As palavras do crítico tocam em pontos de fundamental importância para o entendimento da obra de que nos ocupamos neste estudo: no De agri cultura, em que pese à sua inegável relevância histórico-cultural, ao maior detalhamento expositivo de algumas das partes quando contrapostas ao De re rustica e às Geórgicas, à manifestação de uma saborosa aura de arcaísmo por influência da mentalidade do autor e à eventual estilização da linguagem, não se tem algo afim à extraordinária elaboração intelectual e da forma.
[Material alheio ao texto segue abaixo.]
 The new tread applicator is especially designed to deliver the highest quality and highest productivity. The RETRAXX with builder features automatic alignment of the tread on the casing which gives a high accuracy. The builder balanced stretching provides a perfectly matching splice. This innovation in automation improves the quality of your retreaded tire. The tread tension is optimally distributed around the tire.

Assim, deixam-se trair pelas feições do texto tal como se nos apresenta senões como o forte contraste estilístico entre o prefácio da obra (em que se vêem usos provavelmente herdados da retórica) e seu corpo subseqüente, a relativa desordem (ou, em parte, redundância) na apresentação dos tópicos e a retomada exaustiva dos mesmos traços de linguagem (sem, portanto, a adoção da uariatio como um princípio-mestre da escrita).
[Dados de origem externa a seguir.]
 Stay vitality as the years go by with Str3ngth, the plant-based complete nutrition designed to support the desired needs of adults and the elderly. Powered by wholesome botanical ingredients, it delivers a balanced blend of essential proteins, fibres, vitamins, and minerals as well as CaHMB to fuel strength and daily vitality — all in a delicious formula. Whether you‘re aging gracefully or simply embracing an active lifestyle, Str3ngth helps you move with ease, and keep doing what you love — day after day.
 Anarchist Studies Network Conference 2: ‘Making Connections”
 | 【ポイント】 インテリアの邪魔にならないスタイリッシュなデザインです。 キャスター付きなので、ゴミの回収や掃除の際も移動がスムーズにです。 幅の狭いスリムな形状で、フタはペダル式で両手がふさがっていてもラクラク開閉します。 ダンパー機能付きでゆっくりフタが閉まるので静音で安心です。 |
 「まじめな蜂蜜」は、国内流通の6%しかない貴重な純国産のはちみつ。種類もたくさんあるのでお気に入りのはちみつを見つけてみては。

Em vista dos fatores limitantes do perfeito acabamento da obra, tem-se proposto, por sinal, uma série de interpretações não consensuais para explicar o trajeto formador do texto até o estado atual: referindo-se à questão, Astin23 e Goujard,24 entre outros, mencionam aquelas relativas à idéia básica de sua forte adulteração por editores subseqüentes ou à interferência no processo de elementos vinculados à própria atuação catoniana (seja pela inexperiência compositiva do autor,25 seja pela incompletude da obra

no momento de sua morte).

Na impossibilidade do fechamento teórico dessa discussão, limitar-nos-emos em seguida a considerar o De agri cultura no estado em que se encontra, sem elucubrações a respeito das causas profundas pelas quais o vemos enquanto somatória de faces "positivas" e "negativas". Tem-se, aqui, sobretudo um caso favorável à descrição do que se percebe concretamente pela leitura, em seus aspectos variados de significado, forma e composição; nesse sentido, admitindo ainda que a atribuição da autoria do que há de essencial na obra a Catão facilita discutir, adotaremos sempre o procedimento de considerá-lo, enquanto único emissor da "voz" textual, o responsável pela escrita. Ao longo do percurso assim constituído, pois, espera-se delinear o panorama dos pontos propícios à obtenção de uma imagem aproximativa da obra.